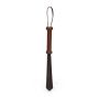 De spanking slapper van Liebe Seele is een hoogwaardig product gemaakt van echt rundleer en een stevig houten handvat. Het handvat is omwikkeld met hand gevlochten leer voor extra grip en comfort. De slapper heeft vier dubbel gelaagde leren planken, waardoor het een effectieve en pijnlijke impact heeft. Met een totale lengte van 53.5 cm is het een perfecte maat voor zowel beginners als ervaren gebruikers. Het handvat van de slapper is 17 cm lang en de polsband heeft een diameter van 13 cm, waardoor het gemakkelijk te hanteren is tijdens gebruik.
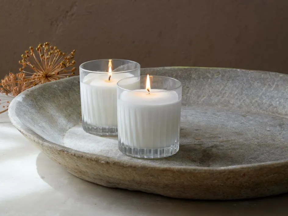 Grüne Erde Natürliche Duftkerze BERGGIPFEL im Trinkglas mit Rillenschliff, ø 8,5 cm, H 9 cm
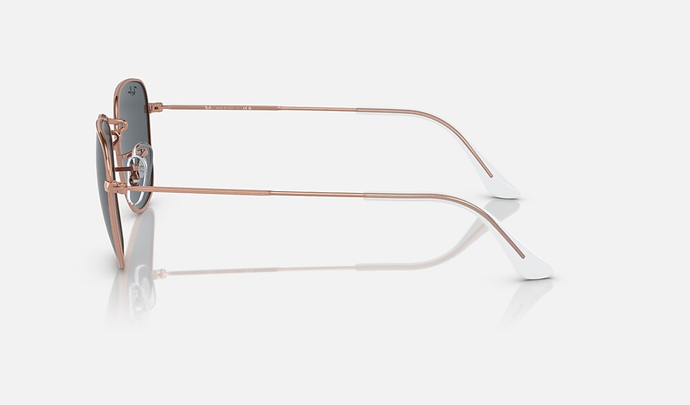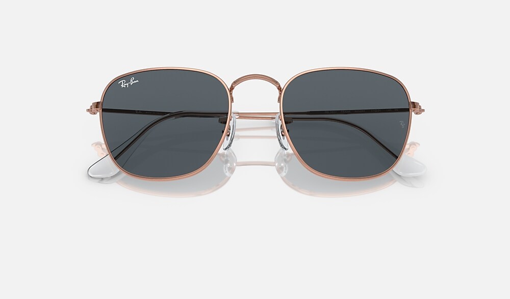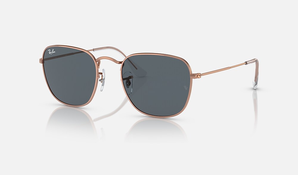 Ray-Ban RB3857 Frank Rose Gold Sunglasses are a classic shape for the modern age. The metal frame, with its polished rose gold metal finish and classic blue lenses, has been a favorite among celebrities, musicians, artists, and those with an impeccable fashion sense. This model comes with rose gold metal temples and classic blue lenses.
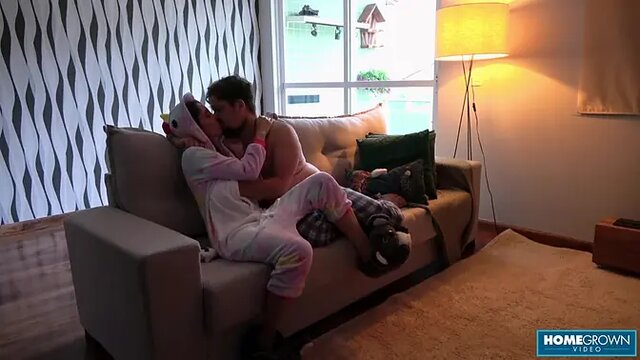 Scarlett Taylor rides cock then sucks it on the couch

********************

The reply should consist of the listing restated word for word, with its pictures removed.

 De spanking slapper van Liebe Seele is een hoogwaardig product gemaakt van echt rundleer en een stevig houten handvat. Het handvat is omwikkeld met hand gevlochten leer voor extra grip en comfort. De slapper heeft vier dubbel gelaagde leren planken, waardoor het een effectieve en pijnlijke impact heeft. Met een totale lengte van 53.5 cm is het een perfecte maat voor zowel beginners als ervaren gebruikers. Het handvat van de slapper is 17 cm lang en de polsband heeft een diameter van 13 cm, waardoor het gemakkelijk te hanteren is tijdens gebruik.
 Grüne Erde Natürliche Duftkerze BERGGIPFEL im Trinkglas mit Rillenschliff, ø 8,5 cm, H 9 cm
 Ray-Ban RB3857 Frank Rose Gold Sunglasses are a classic shape for the modern age. The metal frame, with its polished rose gold metal finish and classic blue lenses, has been a favorite among celebrities, musicians, artists, and those with an impeccable fashion sense. This model comes with rose gold metal temples and classic blue lenses.
 Scarlett Taylor rides cock then sucks it on the couch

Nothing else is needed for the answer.